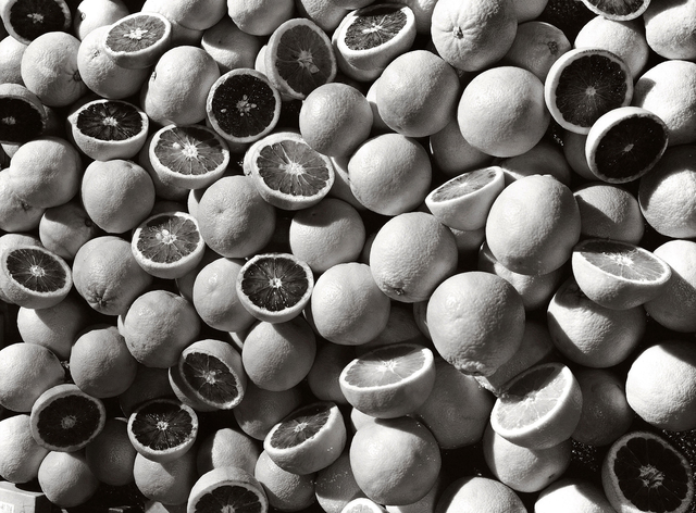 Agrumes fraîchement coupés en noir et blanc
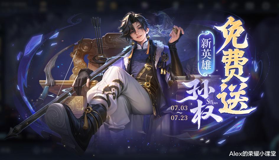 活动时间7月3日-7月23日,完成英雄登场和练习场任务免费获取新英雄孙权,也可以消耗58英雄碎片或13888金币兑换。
--
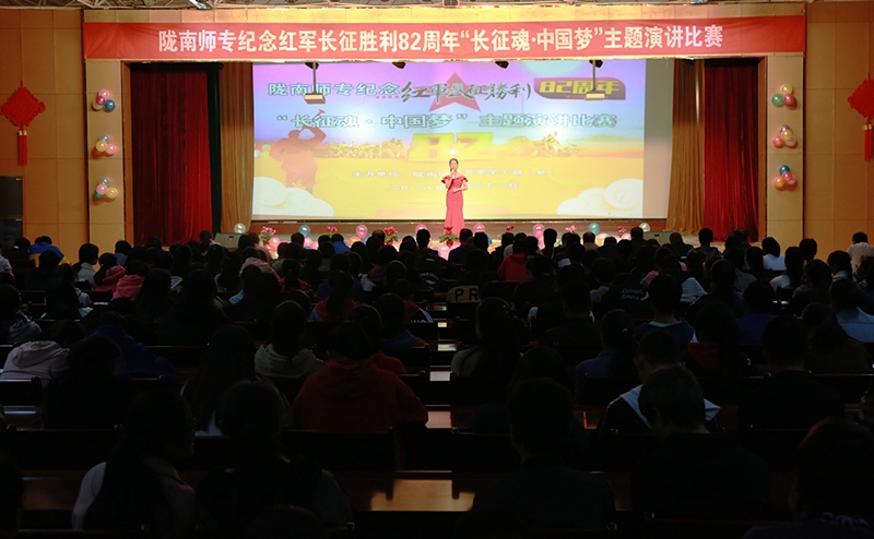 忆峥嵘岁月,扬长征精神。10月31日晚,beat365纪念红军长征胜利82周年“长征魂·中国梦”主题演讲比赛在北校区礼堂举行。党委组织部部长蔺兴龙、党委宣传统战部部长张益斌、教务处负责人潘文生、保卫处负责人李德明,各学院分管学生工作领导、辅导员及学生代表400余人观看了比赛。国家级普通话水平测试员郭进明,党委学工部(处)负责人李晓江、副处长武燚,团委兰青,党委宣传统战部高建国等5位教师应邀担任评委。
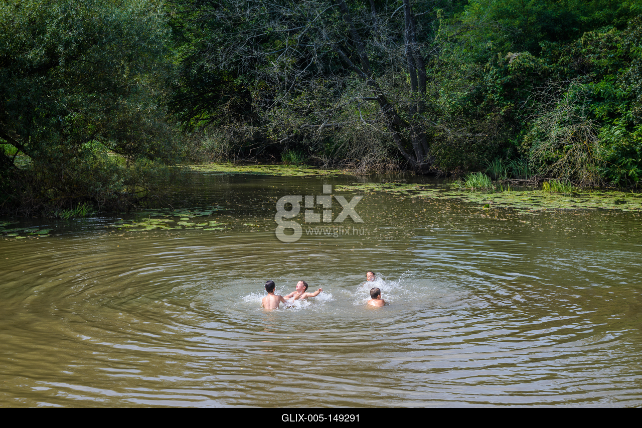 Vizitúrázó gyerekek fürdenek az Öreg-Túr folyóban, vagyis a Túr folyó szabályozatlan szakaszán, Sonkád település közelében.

* WORK TO COMPLETE *
Start at the line above containing "Agrumes fraîchement coupés en noir et blanc" and stop at the line containing "活动时间7月3日-7月23日": print those lines and everything between them exactly, but not the pictures.

* OUTPUT OF THE TASK *
 Agrumes fraîchement coupés en noir et blanc
 活动时间7月3日-7月23日,完成英雄登场和练习场任务免费获取新英雄孙权,也可以消耗58英雄碎片或13888金币兑换。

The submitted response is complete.